Shaw was identified as a suspect in the Erickson murder when he was discovered prowling near the home of another Lutheran Hospital employee who believed she was followed home from work. Inside his car? Meat hooks that he had used to climb up the side of her house, according to an old La Crosse Tribune article. He had rubber over his shoes. Shaw lied many times during questioning, the article says. The officer who arrested him told the newspaper he wonders if Erickson’s murder was his first crime because Shaw murdered Erickson, left town for a year and then returned to target the other hospital employee. “It’s a case that still bothers me,” the officer said.
Evers’ Parole Commission Freed Terrance Shaw Early
Date paroled: 9/7/21 [You can search yourself for his parole date here by putting in his name and then clicking on “movement”]
Released killer lives where: Onalaska, Wisconsin
Age: 73
Convicted: 1st-degree intentional homicide & 1st-degree sexual assault. He is also a registered sex offender
Sentence: Life sentence + 20 years for the sexual assault. Because he received a life sentence, Shaw did not qualify for mandatory release. None of the released criminals on the list of parolees had reached mandatory release when freed. In other words, the Parole Commission made a CHOICE to free them.
Other factors: Shaw argued that he was suffering from undiagnosed PTSD from his military service in the Vietnam War.

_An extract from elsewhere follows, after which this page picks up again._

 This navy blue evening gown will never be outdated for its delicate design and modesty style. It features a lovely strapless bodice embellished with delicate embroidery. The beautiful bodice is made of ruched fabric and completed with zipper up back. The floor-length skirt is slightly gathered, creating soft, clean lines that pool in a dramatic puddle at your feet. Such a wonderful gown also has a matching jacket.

The Victim: Susan Erickson
A 29-year-old medical technologist/part-time nurse at Luther Hospital in La Crosse and married mother of two small boys. She was a 1970 graduate of Thorp High School.
What The Killer Did:
Terrance Shaw, a La Crosse man, was sentenced to life for the 1981 murder of Erickson, an Onalaska woman.

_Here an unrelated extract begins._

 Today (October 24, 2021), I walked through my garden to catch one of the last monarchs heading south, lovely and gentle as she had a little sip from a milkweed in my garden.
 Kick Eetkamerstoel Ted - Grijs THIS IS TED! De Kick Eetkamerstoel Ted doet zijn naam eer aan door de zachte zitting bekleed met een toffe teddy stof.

A Madison.com article says that the victim, Susan Erickson, was raped, strangled and stabbed.
The newspaper article said that Erickson’s body was discovered by a friend and babysitter inside her home. An old article in the La Crosse Tribune says that Shaw confessed to the murder in a 1994 letter to the newspaper. He also admitted to a friend that he raped and murdered Erickson, according to a 1984 article in the La Crosse Tribune.

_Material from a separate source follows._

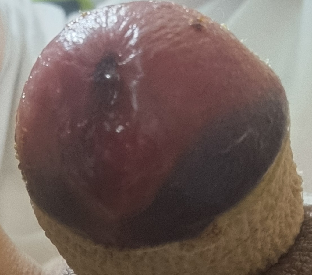 지금은 귀두가 조금 쭈글쭈글하고 딱지도 있고요, 요도 아래 귀두부분에 검게 멍이들어있고 요도입구가 부어있습니다.

A Clark County history website says that, “Susan M. Erickson, 29, of Onalaska, was found dead in her apartment on Tuesday, April 14, 1981, as the victim of an apparent homicide.”
“She attended Granton, Clark County Schools as a young girl in the late fifties, where her father was superintendent at that time. Susan was a medical technologist at Luther Hospital in La Crosse and she and her husband, Dennis have two sons, one three and a half and the other thirteen months.”
A La Crosse Tribune article from 1982 says that Erickson was a Lutheran Hospital medical technologist. Shaw had been arrested for prowling near the Onalaska home of a Lutheran Hospital employee and was a suspect in the murder as a result, according to the article, which said that “at least three medical employees have been assaulted in their homes in Onalaska during the past 18 months.” However, it’s not believed he committed the other assaults. But the Erickson homicide occurred in the wake of them, terrifying the community.
A Tribune article from the time said that Shaw was drinking alcohol and had used LSD when he argued with his estranged wife and drove around aimlessly thinking about suicide.
He saw a woman he thought mistakenly was his wife through a picture window of a home in Onalaska. It was actually Erickson, a stranger to him.
He stopped the car and went into the home and murdered her. He stabbed her to death.
“The result ended in the death of a complete stranger who I had never laid eyes on before in my life, for which I am so so so sorry…” he said.
He was 34 years old.
The judge told the Tribune he would have sentenced Shaw to life without parole if state laws at that time allowed the sentence.